(Records excerpted from a collection)
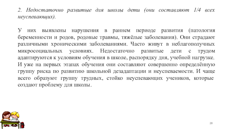 Слайд 282. Недостаточно развитые для школы дети (они составляют 1/4 всех неуспевающих).
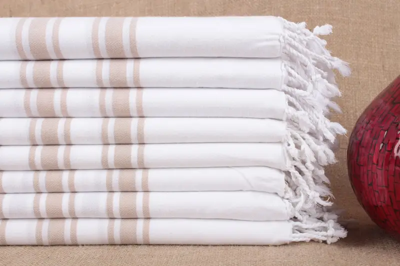 Characterized by their pure organic cotton composition, these towels are highly absorbent, ensuring quick drying. The material is sourced from Turkish cotton yarn, contributing to a weight of approximately 280 grams per towel. The size is 40x71 inches, or 100x180 centimeters, with a tolerance of ±2 inches or 5 centimeters due to hand weaving.
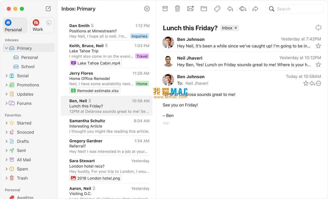 全面支持 Gmail 标签:包括颜色编码和可见性设置,方便快速识别邮件类别。
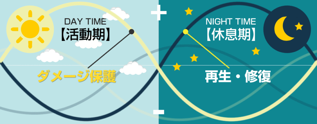 昼間は、紫外線などの外的刺激から肌を守るために「保護」の遺伝子が働き、
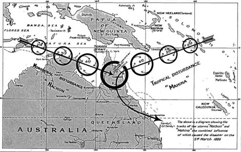 The first of the Cat 2+ cyclones to hit the Cairns to Cardwell sector after 1858 occurred before Mission Beach was settled by Europeans. It is well-known that the 1890 cyclone had devastating repercussions, destroying the Cuttens homestead in Bingil Bay and the residence of Willoughby and Alice Smith in Clump Point. In order to recover economically, the Cutten men had to seek work in the inland area for some time.

▶ _Problem requirements_
Set down the records above exactly, leaving out pictures.

▶ _Answer for this exercise_
 Слайд 282. Недостаточно развитые для школы дети (они составляют 1/4 всех неуспевающих).
 Characterized by their pure organic cotton composition, these towels are highly absorbent, ensuring quick drying. The material is sourced from Turkish cotton yarn, contributing to a weight of approximately 280 grams per towel. The size is 40x71 inches, or 100x180 centimeters, with a tolerance of ±2 inches or 5 centimeters due to hand weaving.
 全面支持 Gmail 标签:包括颜色编码和可见性设置,方便快速识别邮件类别。
 昼間は、紫外線などの外的刺激から肌を守るために「保護」の遺伝子が働き、
 The first of the Cat 2+ cyclones to hit the Cairns to Cardwell sector after 1858 occurred before Mission Beach was settled by Europeans. It is well-known that the 1890 cyclone had devastating repercussions, destroying the Cuttens homestead in Bingil Bay and the residence of Willoughby and Alice Smith in Clump Point. In order to recover economically, the Cutten men had to seek work in the inland area for some time.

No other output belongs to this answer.